Empirical Evaluation

The HM-RNN model demonstrates its efficacy across multiple datasets and tasks:

  • Character-Level LLMing: The model achieves state-of-the-art results on the Text8 dataset while offering comparable performance on the Penn Treebank and Hutter Prize Wikipedia datasets. These outcomes underline the model's ability to capture and utilize hierarchical structures effectively in discrete sequence data.
  • Handwriting Sequence Generation: The application of HM-RNNs to real-valued sequences, such as those in handwriting data, further showcases the model's versatility. The empirical results indicate improved performance over traditional LSTMs, highlighting the model’s adaptability to sequences with clear hierarchical segmentations.
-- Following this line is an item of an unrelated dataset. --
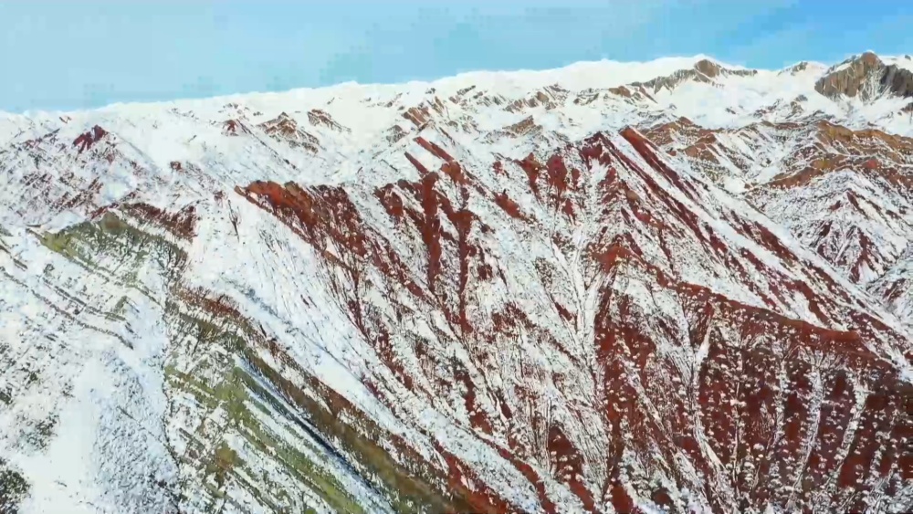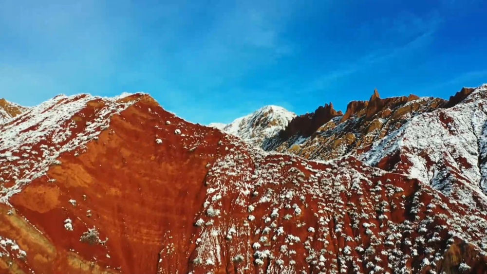 立冬过后,新疆昌吉回族自治州玛纳斯县南部山区迎来降雪,大地银装素裹,宛如冰雪童话世界。天山山脉被茫茫白雪覆盖,妖娆多姿;丹霞峰峦在积雪映衬下愈显鲜红,层级错落、气势磅礴。肯斯瓦特景区内,碧水波光粼粼,雅丹地貌倒映湖中,与绵延山峰构成壮美画卷。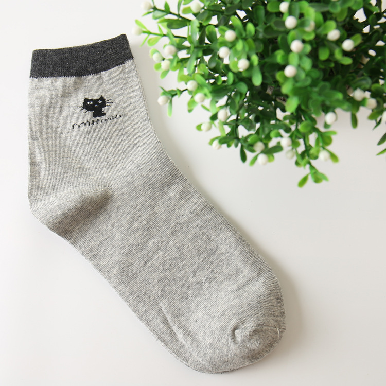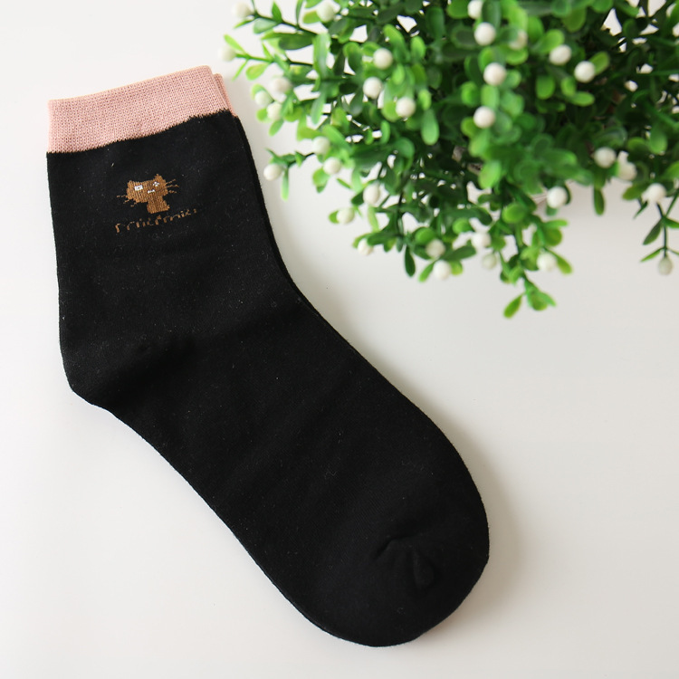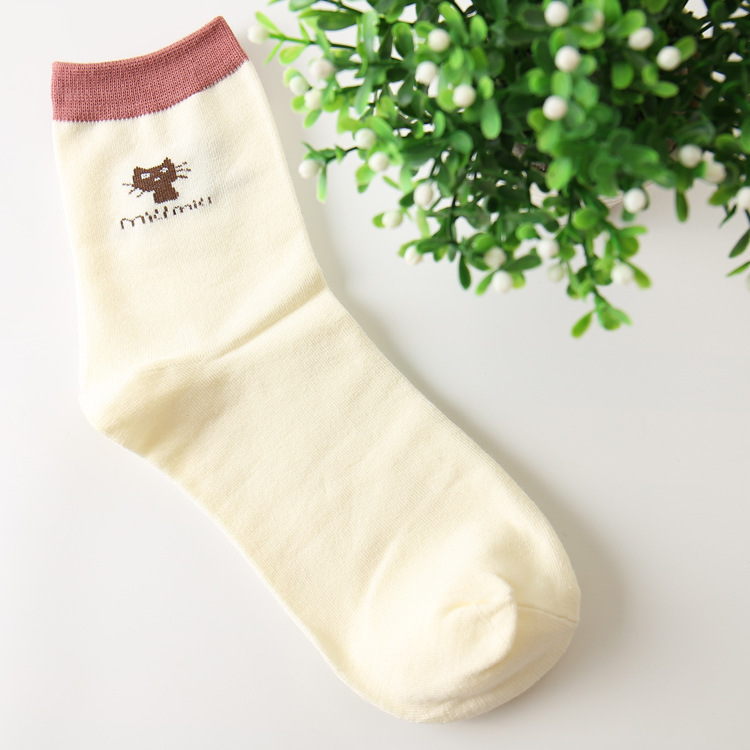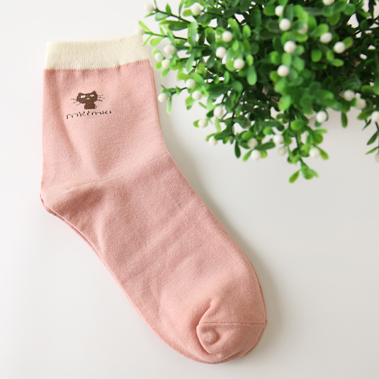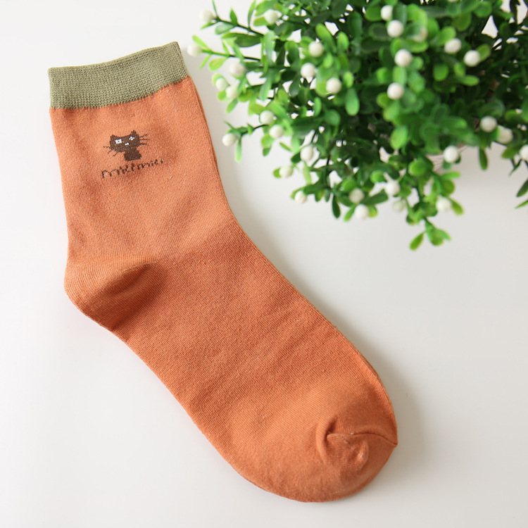 주지 봄가을 여성 양말 캔디 컬러 고양이 만화 양말 면 중목 여성 양말 캐주얼 여성 양말 제조업체 도매스토어 가기

Implications and Future Directions

The research offers both theoretical and practical implications. Theoretically, it opens avenues for developing RNNs that can autonomously discover and exploit latent structures in data, a significant departure from the need for explicit annotations or fixed temporal scales. Practically, the model’s architecture is likely to influence areas such as speech recognition, machine translation, and any domain that benefits from hierarchical sequence understanding.

Future research directions could explore the extension of this approach to other forms of neural networks or its integration with attention mechanisms. Further optimizations in boundary detection and segment processing could enhance the model's performance and interpretability.

In conclusion, the HM-RNN approach presents a compelling framework for modeling sequences with intrinsic hierarchical structures, offering both novel insights and strong empirical performance in sequence modeling tasks.